Las Vegas Sun

April 25, 2024

Editorial: Kickbacks kicking back

Decades ago managers of Las Vegas strip clubs resigned themselves to forever paying off cab drivers who brought free-spending patrons to their establishments. It was a cost of doing business. The tight-fisted strip club manager who refused to participate in the unsavory practice soon found himself at a competitive disadvantage. Twenty years ago both the city of Las Vegas and Clark County intervened. They each passed ordinances forbidding the strip clubs from making the payoffs.

Overnight, the practice stopped. Yeah, right.

In reality, drivers' hands continued reaching out for the per-passenger kickbacks and were continually stuffed with the going rate. So ingrained were the kickbacks in the symbiotic world of cabs and strip clubs that no real enforcement of the ordinances was ever undertaken. Today the minimum rate is $20 per passenger.

This illegal padding of cab drivers' incomes would still be a low-profile fact of life in the big city had it not been for a surprise amendment passed by the 2005 Legislature in its closing hours. Assemblyman John Oceguera, D-Las Vegas, proposed the amendment, which bans cab drivers statewide from accepting kickbacks from strip clubs or any other destination requested by their passengers. The amendment infuriated cab drivers, who protested Thursday night by driving slowly from the Strip to downtown, backing up traffic the whole way. Cab drivers have signed a petition asking for an investigation of how the amendment came to be, and they have talked of striking -- an action that could blister Las Vegas' tourism economy.

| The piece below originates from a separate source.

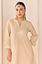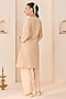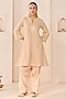 Sheetal Batra features a carnation pink short kurta in chanderi silk brasso base with functional pockets, mirror and aari embroidery. It is paired with glazed cotton dogri salwar with an embroidered border. Style it with statement jhumkas, a potli bag, and embellished juttis, complemented with soft waves and dewy makeup for festive celebrations or easy daytime outings.

We opposed the amendment, not so much because of its content, but because of how it was so sneakily introduced and passed. There were no hearings that could have addressed the bill's singling out of cab drivers, when drivers of limousines and shuttle buses also reach out to businesses for gratuities. Gov. Kenny Guinn also criticized the way the amendment was passed, and he has vetoed it.

Amid all the uproar, Clark County last week suddenly began enforcing its ordinance by sending letters to strip clubs, ordering them to cease the kickbacks or face having their liquor licenses revoked. The county has since retreated from that aggressive stance. It plans to hold off on enforcement until there is consensus among the state and local governments about just how to approach the issue.

In our view, the county and city made a big mistake in not enforcing their ordinances after they were first passed. But sudden enforcement, after a 20-year hiatus, would also be a mistake. The state has jurisdiction over cab drivers and the county regulates the strip clubs. The county should notify the strip clubs of a date that enforcement will begin -- and stick with that date even if drivers threaten retaliation. And the Legislature, at its 2007 session, should consider a properly reviewed bill affecting not only cab drivers, but also limousine and shuttle bus drivers.